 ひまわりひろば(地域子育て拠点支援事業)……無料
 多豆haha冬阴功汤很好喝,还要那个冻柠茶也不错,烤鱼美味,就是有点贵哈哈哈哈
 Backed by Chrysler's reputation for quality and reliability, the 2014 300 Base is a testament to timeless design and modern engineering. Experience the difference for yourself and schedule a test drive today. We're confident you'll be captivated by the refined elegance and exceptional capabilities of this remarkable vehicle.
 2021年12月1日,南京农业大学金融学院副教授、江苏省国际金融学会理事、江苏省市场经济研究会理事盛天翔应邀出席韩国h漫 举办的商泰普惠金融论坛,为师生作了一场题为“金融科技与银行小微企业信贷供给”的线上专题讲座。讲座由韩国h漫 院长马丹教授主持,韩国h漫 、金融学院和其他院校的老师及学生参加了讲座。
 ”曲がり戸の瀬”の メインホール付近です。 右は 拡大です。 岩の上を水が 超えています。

______________________________

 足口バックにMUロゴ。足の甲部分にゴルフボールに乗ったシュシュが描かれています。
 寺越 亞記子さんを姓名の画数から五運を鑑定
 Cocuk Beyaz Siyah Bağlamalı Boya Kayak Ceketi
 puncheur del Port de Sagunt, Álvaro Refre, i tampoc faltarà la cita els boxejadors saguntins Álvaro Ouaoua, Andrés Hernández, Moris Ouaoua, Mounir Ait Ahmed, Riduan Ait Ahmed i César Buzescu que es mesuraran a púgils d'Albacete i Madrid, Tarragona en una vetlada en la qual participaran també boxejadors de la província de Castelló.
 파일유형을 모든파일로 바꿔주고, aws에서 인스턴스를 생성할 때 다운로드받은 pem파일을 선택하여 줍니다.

______________________________

● WORK ITEM: In the data above, start at the line that has "Cocuk Beyaz Siyah", stop after the line that has "파일유형을 모든파일로 바꿔주고, aws에서", and print every line in between exactly as it stands.

● ANSWER FOR THIS EXERCISE:
 Cocuk Beyaz Siyah Bağlamalı Boya Kayak Ceketi
 puncheur del Port de Sagunt, Álvaro Refre, i tampoc faltarà la cita els boxejadors saguntins Álvaro Ouaoua, Andrés Hernández, Moris Ouaoua, Mounir Ait Ahmed, Riduan Ait Ahmed i César Buzescu que es mesuraran a púgils d'Albacete i Madrid, Tarragona en una vetlada en la qual participaran també boxejadors de la província de Castelló.
 파일유형을 모든파일로 바꿔주고, aws에서 인스턴스를 생성할 때 다운로드받은 pem파일을 선택하여 줍니다.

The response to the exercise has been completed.